*WORK INSTRUCTION*
Write out exactly, and only, the lines below from the line with "Kostým čarodejnice skladajúceho" through the line with "Kapolda Sulawesi Selatan"; pictures do not belong in the copy.

*GIVEN DATA*
════════
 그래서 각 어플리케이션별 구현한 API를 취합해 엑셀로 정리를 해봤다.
════════
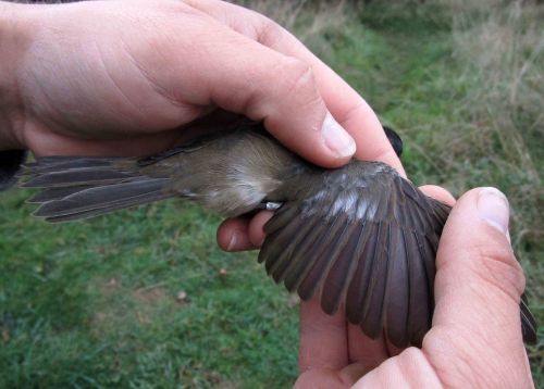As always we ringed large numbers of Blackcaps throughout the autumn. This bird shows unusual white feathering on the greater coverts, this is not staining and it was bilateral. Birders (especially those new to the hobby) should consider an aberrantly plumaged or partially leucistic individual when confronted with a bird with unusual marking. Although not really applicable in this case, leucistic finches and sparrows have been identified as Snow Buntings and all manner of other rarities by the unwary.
════════
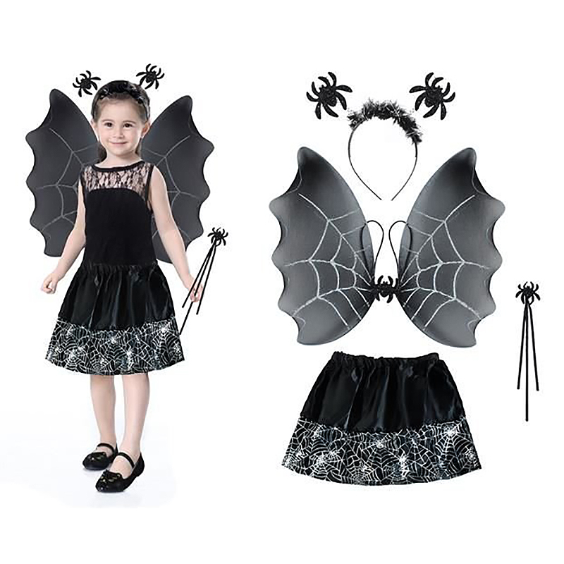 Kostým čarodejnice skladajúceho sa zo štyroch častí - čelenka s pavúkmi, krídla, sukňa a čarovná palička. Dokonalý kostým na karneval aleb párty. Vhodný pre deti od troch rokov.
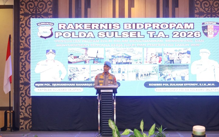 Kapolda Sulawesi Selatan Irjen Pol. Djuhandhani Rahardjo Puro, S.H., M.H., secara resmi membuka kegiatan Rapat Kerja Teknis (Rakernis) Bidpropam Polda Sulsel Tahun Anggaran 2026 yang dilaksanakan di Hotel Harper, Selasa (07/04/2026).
════════
*EXERCISE SOLUTION*
 Kostým čarodejnice skladajúceho sa zo štyroch častí - čelenka s pavúkmi, krídla, sukňa a čarovná palička. Dokonalý kostým na karneval aleb párty. Vhodný pre deti od troch rokov.
 Kapolda Sulawesi Selatan Irjen Pol. Djuhandhani Rahardjo Puro, S.H., M.H., secara resmi membuka kegiatan Rapat Kerja Teknis (Rakernis) Bidpropam Polda Sulsel Tahun Anggaran 2026 yang dilaksanakan di Hotel Harper, Selasa (07/04/2026).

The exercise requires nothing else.